Mapungubwe, Great Zimbabwe and the South East African Textile Tradition
During the mid 13th century, the earliest “complex” stratified culture appeared in southern Africa. In the Limpopo valley of what is now South Africa and Zimbabwe. Agro-pastoral eastern Bantu peoples created a string of settlements starting as early as the 4th century C.E. The increase in east African/Indian ocean trade in the 10th century contributed to a build-up of wealth. This is believed to have driven the development of the Mapungubwe/great Zimbabwe cultural complex. Elaborate dry stone architecture is one of the hallmarks of the various kingdoms associated with this civilization. Early sites are also known for elaborate pottery, and from at least the 10th century, the ancestors of the Mapungubwe peoples were refashioning and exporting imported glass beads. Sites associated with this culture also contain ceramic spindle whorls. This is the earliest evidence of cotton spinning and thus spun textile production in southern Africa, part of understudied, but once-vibrant tradition.

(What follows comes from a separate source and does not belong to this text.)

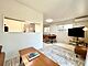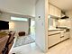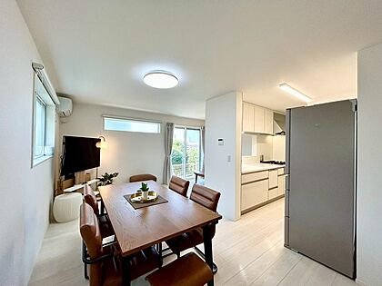約16.8帖のリビングダイニングキッチン。南向きで採光も良好、自然に光が入りくつろげる空間になりそうです。床もホワイト調で基調されており空間を広く見せています♪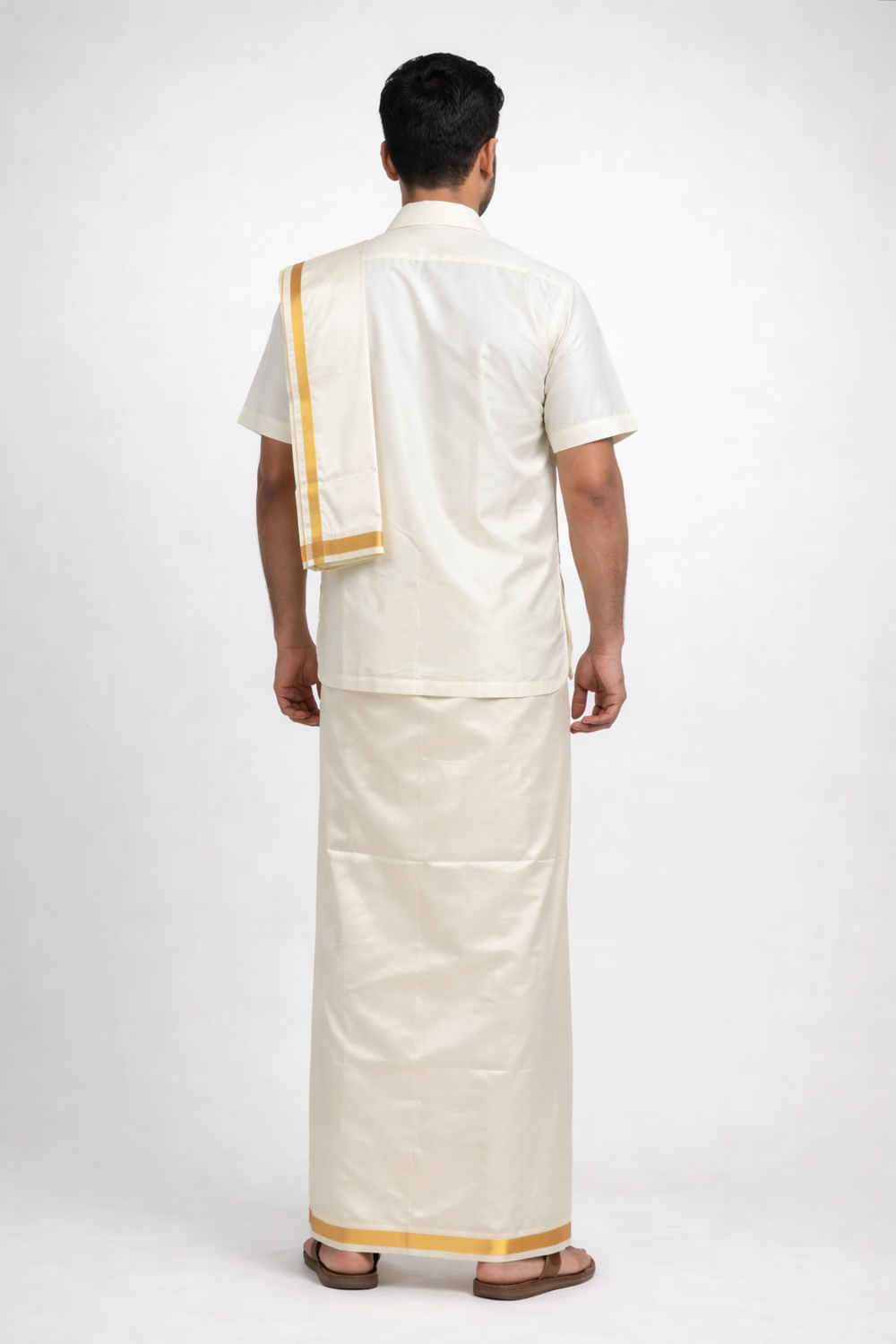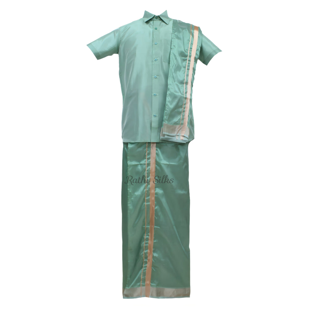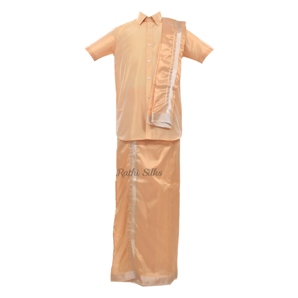 Men’s Traditional Art Silk Dhoti Set with Shirt & Angavastram. MEN'S Dhoti shirt

It is suggested that weaving and cotton cultivation/spread into southeastern Africa from the Swahili coast. The single heddled ground loom used across the Zambezi and Limpopo river valley is often cited as having diffused into the region after being adapted from looms used by Bedouin women from the Middle east. However, it should be noted that wild cotton is common across this region. The earliest documented use of the single heddle ground loom is found in ancient Egypt around 5000 YBP, and the domestication of Cotton in Nubia may date back even further. Furthermore, although comparatively rare in Subsaharan Africa, single heddle ground looms are widely distributed across the continent. Although spindle whorls are telltale signs of textile production, they are not always made of stone, pottery, or other non-organic materials. Wooden spindle whorls are commonly used in many regions of Africa, including the Limpopo and Zambezi valleys. Whorls made of this and other biodegradable materials make it difficult to track the exact date of spun yarn production in tropical climates.